Autonomous scene exposure and exploration, especially in localization or communication-denied areas, useful for finding targets in unknown scenes, remains a challenging problem in computer navigation. In this work, we present a novel method for real-time environment exploration, whose only requirements are a visually similar dataset for pre-training, enough lighting in the scene, and an on-board forward-looking RGB camera for environmental sensing. As opposed to existing methods, our method requires only one look (image) to make a good tactical decision, and therefore works at a non-growing, constant time. Two direction predictions, characterized by pixels dubbed the Goto and Lookat pixels, comprise the core of our method.
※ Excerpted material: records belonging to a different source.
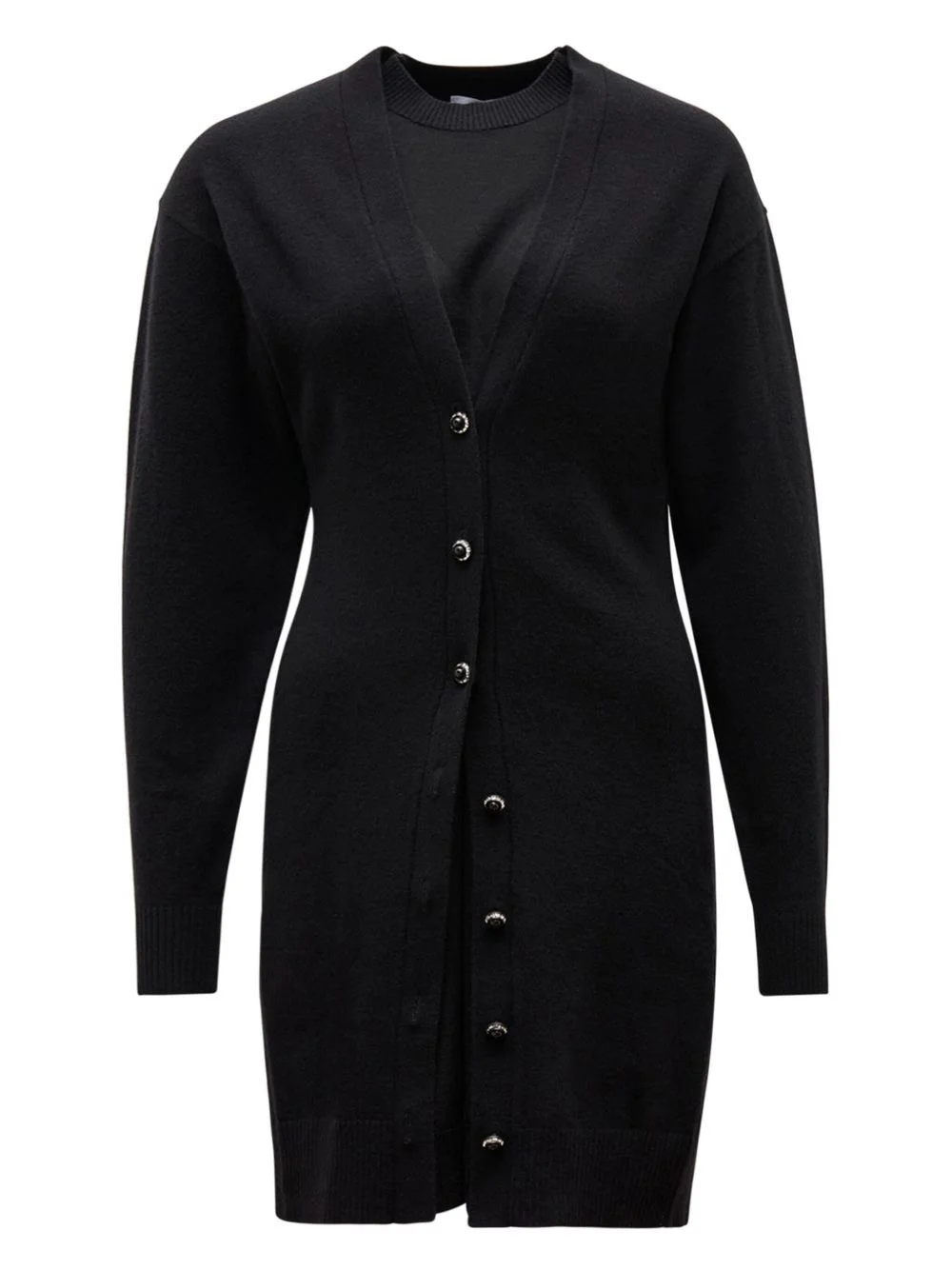 button-embellished chain-detail mini dress Highlights - Black - Long sleeves - Button front fastening - Embellished buttons - Chain detail at the neckline - Ribbed hem Imported Composition Wool 88%, Cashmere 10%, Polyamide 2% Washing instructions Read Manufacturer Guidelines
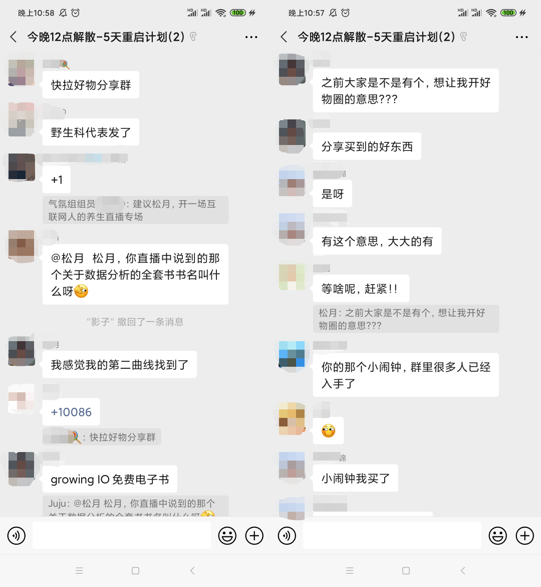 加上兩位主理人的給力,獨(dú)孤菌在外聚餐依然準(zhǔn)時(shí)分享了很久,松月說(shuō)就講十分鐘,但在大家的熱情互動(dòng)下,和大家嗨聊了一個(gè)多小時(shí),還順帶種草安利了超多好物、建起來(lái)了好物分享群,絕對(duì)是參與感爆棚!
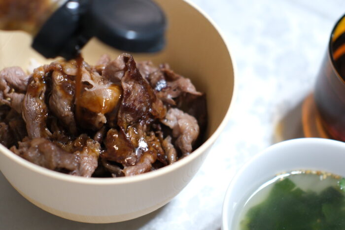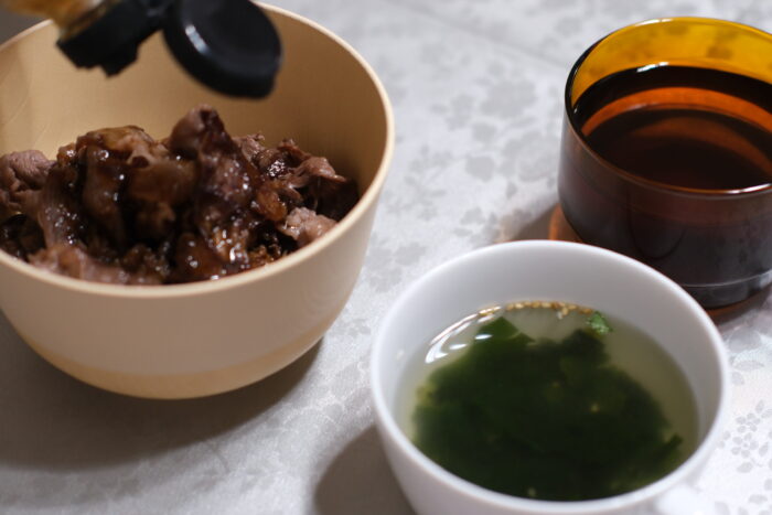 今夜は夫が作ってくれた牛焼肉丼でした。
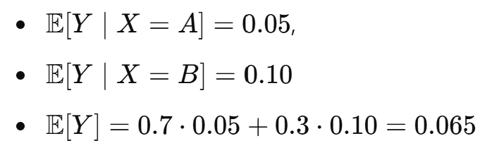 "조건부 평균(예: 각 그룹의 평균)" × "그 그룹이 나올 확률"의 총합

These pixels encode the recommended flight instructions in the following way: the Goto pixel defines the direction in which the agent should move by one distance unit, and the Lookat pixel defines the direction in which the camera should be pointing at in the next step. These flying-instruction pixels are optimized to expose the largest amount of currently unexplored areas. Our method presents a novel deep learning-based navigation approach that is able to solve this problem and demonstrate its ability in an even more complicated setup, i.e., when computational power is limited. In addition, we propose a way to generate a navigation-oriented dataset, enabling efficient training of our method using RGB and depth images. Tests conducted in a simulator evaluating both the sparse pixels' coordinations inferring process, and 2D and 3D test flights aimed to unveil areas and decrease distances to targets achieve promising results. Comparison against a state-of-the-art algorithm shows our method is able to overperform it, that while measuring the new voxels per camera pose, minimum distance to target, percentage of surface voxels seen, and compute time metrics.